* [INPUT]:
————————
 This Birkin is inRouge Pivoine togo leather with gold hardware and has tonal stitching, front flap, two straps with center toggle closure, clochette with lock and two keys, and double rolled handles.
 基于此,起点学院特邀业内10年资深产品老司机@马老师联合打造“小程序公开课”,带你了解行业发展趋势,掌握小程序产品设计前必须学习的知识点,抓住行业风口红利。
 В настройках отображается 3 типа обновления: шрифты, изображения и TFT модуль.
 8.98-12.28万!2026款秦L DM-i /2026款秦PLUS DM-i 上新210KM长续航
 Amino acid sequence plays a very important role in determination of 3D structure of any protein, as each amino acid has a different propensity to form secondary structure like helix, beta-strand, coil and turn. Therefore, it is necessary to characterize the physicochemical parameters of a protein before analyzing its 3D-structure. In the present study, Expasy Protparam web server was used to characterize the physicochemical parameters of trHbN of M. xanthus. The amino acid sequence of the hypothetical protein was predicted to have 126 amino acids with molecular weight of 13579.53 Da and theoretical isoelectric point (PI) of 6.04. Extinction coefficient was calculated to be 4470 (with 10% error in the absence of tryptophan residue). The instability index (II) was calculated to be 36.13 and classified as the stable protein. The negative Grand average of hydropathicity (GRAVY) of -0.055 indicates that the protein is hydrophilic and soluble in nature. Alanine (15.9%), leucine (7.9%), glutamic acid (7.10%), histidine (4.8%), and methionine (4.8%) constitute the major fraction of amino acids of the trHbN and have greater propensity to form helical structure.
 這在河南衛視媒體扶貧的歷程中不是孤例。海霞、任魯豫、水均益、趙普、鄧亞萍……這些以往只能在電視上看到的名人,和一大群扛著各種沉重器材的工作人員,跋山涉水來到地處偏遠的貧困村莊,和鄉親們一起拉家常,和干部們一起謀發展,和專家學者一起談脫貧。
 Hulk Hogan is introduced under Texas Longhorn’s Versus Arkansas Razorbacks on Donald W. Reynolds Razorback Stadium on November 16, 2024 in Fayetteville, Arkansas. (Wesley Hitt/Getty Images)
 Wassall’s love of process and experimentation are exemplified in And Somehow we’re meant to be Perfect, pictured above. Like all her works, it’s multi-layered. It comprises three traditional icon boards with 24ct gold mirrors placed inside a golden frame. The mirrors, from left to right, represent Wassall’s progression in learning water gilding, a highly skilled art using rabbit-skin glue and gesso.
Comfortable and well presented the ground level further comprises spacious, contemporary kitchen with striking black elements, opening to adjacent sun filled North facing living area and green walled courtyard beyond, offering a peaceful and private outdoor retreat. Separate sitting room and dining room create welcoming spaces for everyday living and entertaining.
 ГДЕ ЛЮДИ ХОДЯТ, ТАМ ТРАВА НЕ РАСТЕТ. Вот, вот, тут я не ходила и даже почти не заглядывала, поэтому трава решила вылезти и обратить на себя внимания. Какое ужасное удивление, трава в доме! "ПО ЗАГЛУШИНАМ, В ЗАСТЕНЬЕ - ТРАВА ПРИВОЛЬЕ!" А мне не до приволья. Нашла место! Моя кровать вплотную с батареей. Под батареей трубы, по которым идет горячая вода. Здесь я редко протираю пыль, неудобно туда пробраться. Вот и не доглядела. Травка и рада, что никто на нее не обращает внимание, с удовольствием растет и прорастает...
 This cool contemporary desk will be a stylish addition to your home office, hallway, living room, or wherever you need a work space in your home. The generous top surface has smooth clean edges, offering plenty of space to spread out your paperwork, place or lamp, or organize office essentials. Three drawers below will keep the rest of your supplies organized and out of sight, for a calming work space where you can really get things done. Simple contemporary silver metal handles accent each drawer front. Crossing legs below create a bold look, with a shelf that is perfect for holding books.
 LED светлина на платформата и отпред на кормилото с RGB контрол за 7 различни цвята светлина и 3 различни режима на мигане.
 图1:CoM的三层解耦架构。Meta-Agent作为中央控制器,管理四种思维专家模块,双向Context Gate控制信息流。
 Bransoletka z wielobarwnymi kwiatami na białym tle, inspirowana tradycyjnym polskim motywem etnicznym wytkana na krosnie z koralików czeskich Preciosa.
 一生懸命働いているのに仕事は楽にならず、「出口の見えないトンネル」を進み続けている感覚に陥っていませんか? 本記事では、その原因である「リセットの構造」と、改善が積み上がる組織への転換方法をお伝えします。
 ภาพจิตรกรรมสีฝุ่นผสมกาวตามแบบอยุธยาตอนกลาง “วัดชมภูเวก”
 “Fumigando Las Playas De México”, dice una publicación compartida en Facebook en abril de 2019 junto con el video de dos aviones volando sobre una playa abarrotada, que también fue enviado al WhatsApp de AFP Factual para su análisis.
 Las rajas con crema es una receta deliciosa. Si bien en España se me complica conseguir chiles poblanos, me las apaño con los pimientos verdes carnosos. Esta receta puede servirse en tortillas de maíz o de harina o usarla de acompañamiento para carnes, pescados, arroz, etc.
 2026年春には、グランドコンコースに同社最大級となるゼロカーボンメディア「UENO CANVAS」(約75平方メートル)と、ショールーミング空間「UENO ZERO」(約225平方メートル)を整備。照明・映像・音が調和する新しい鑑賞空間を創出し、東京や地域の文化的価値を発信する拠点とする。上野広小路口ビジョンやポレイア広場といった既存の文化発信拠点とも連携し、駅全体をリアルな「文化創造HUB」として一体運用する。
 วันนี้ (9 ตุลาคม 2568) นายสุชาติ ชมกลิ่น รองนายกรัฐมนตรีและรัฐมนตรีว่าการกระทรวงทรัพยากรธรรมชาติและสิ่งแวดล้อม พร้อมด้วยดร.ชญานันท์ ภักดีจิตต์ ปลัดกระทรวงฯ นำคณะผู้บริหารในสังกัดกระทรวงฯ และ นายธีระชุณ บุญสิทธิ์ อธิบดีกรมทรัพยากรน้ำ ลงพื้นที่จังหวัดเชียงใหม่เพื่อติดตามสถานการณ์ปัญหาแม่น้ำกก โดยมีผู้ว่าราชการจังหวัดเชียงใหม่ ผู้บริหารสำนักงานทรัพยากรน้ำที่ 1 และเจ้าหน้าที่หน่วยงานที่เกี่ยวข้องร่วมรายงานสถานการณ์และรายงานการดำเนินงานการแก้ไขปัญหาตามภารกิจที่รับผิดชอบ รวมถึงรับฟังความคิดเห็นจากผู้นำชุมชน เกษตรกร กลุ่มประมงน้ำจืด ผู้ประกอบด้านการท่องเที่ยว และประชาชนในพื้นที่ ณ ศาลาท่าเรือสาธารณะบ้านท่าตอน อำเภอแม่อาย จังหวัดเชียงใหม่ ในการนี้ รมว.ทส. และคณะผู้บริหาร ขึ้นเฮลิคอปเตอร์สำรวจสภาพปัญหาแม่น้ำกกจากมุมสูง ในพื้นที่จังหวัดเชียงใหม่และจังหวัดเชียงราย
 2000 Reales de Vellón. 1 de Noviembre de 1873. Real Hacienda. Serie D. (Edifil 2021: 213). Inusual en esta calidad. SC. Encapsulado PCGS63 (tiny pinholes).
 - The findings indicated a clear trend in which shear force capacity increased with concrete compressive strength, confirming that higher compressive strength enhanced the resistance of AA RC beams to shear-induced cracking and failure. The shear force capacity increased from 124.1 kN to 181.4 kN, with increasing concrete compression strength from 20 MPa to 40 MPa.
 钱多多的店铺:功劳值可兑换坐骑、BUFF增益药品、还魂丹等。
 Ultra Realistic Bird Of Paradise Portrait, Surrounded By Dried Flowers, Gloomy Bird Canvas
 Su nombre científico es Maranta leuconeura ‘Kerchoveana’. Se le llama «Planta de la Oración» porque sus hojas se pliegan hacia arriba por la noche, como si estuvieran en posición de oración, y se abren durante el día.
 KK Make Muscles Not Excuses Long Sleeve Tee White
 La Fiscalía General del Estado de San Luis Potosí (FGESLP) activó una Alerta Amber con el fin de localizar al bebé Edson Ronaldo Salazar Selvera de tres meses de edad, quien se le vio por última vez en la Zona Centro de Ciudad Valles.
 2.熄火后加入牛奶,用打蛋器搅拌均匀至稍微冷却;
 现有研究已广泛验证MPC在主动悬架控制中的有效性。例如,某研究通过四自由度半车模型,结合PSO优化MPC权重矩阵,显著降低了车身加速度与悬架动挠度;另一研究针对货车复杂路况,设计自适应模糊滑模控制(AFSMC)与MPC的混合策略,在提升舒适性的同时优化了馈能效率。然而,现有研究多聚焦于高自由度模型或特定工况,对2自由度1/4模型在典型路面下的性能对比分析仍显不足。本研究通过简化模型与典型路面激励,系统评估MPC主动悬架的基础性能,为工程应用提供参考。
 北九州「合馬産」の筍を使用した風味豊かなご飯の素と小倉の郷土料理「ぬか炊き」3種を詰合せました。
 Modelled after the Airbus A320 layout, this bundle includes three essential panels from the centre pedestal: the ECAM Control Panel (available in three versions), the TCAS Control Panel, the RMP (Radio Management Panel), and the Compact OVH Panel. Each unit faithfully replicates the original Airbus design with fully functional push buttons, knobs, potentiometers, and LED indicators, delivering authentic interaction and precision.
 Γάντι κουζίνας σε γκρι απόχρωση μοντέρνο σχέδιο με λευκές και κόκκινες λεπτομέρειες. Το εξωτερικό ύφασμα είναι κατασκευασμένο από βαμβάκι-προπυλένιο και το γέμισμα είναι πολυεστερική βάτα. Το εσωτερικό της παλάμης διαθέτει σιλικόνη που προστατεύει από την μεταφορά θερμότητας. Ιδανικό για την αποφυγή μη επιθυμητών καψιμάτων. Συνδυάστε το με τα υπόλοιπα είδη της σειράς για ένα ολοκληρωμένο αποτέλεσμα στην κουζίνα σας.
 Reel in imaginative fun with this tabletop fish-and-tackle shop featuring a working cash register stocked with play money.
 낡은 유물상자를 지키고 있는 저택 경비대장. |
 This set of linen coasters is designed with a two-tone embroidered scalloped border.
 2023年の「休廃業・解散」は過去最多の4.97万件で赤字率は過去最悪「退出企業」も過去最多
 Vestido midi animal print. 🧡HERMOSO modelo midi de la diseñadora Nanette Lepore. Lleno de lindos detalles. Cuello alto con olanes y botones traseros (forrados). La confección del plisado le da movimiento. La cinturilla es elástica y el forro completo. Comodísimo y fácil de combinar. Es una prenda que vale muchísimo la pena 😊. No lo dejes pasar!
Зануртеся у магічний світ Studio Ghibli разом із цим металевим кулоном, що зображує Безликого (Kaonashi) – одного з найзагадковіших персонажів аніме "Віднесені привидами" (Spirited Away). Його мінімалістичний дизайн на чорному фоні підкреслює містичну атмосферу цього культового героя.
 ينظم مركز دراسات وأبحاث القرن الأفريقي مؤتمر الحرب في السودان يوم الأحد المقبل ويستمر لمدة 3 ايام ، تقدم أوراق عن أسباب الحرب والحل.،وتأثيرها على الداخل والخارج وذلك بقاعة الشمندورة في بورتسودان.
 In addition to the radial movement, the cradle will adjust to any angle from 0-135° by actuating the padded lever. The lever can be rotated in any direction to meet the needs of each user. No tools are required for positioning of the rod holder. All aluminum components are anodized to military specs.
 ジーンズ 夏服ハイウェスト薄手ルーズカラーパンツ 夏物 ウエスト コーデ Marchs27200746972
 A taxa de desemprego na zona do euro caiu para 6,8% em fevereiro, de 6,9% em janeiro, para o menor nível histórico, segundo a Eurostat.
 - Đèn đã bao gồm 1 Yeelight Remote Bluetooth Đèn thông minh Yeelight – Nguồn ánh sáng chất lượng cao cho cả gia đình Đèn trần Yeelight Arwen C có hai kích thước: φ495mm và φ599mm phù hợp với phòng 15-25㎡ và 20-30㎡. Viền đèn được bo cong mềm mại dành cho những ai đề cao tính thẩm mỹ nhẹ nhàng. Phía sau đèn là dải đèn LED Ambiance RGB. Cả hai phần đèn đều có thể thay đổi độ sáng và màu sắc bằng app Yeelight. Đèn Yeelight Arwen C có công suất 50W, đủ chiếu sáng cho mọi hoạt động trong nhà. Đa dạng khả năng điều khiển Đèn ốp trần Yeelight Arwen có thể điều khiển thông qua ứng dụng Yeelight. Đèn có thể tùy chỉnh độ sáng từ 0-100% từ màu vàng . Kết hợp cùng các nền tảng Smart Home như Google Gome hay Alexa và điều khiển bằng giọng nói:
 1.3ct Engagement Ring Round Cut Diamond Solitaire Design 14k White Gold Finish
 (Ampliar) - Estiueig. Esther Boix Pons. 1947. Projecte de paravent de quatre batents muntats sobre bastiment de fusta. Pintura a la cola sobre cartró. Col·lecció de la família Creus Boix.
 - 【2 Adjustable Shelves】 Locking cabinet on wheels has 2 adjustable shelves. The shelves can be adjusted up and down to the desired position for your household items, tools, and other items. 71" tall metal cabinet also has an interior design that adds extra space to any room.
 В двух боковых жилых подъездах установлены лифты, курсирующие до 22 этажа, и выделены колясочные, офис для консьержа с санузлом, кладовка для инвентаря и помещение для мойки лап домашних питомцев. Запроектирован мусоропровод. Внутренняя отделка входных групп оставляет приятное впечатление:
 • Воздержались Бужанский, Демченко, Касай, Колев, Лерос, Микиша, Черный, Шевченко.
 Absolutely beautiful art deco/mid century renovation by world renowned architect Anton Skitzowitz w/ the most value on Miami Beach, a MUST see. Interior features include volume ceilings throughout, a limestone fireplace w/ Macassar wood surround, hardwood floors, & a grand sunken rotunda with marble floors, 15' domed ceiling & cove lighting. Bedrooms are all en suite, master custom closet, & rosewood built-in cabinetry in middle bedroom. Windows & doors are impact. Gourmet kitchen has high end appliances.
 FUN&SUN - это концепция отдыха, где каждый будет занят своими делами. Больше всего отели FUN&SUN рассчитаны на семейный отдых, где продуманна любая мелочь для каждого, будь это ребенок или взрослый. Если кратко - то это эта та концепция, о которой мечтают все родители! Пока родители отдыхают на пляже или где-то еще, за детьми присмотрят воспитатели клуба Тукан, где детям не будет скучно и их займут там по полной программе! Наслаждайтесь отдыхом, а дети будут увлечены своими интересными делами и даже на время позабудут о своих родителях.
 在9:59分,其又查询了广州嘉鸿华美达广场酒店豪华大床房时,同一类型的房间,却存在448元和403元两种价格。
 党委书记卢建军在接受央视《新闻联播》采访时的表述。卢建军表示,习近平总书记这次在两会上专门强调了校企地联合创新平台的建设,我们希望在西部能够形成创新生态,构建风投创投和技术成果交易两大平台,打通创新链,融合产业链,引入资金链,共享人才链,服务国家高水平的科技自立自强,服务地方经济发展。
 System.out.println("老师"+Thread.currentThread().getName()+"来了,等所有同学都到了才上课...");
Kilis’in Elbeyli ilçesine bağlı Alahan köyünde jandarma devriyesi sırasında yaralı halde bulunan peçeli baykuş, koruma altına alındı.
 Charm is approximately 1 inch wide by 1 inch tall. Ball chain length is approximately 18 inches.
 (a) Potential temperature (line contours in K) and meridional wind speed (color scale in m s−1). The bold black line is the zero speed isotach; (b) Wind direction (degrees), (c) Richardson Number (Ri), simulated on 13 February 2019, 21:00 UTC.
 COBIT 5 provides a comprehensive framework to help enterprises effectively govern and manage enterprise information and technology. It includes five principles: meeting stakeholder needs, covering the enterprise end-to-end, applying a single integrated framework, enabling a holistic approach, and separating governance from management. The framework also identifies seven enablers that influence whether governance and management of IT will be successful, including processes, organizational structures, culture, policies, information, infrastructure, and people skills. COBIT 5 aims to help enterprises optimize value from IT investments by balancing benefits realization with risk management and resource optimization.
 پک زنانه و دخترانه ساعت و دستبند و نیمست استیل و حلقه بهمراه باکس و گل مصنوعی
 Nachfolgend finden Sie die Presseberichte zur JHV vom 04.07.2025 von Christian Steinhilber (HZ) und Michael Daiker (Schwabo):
————————
* [WORK REQUEST]: Please state how many lines in the data contain the word "White", giving only that number.

* [EXERCISE RESPONSE]: 2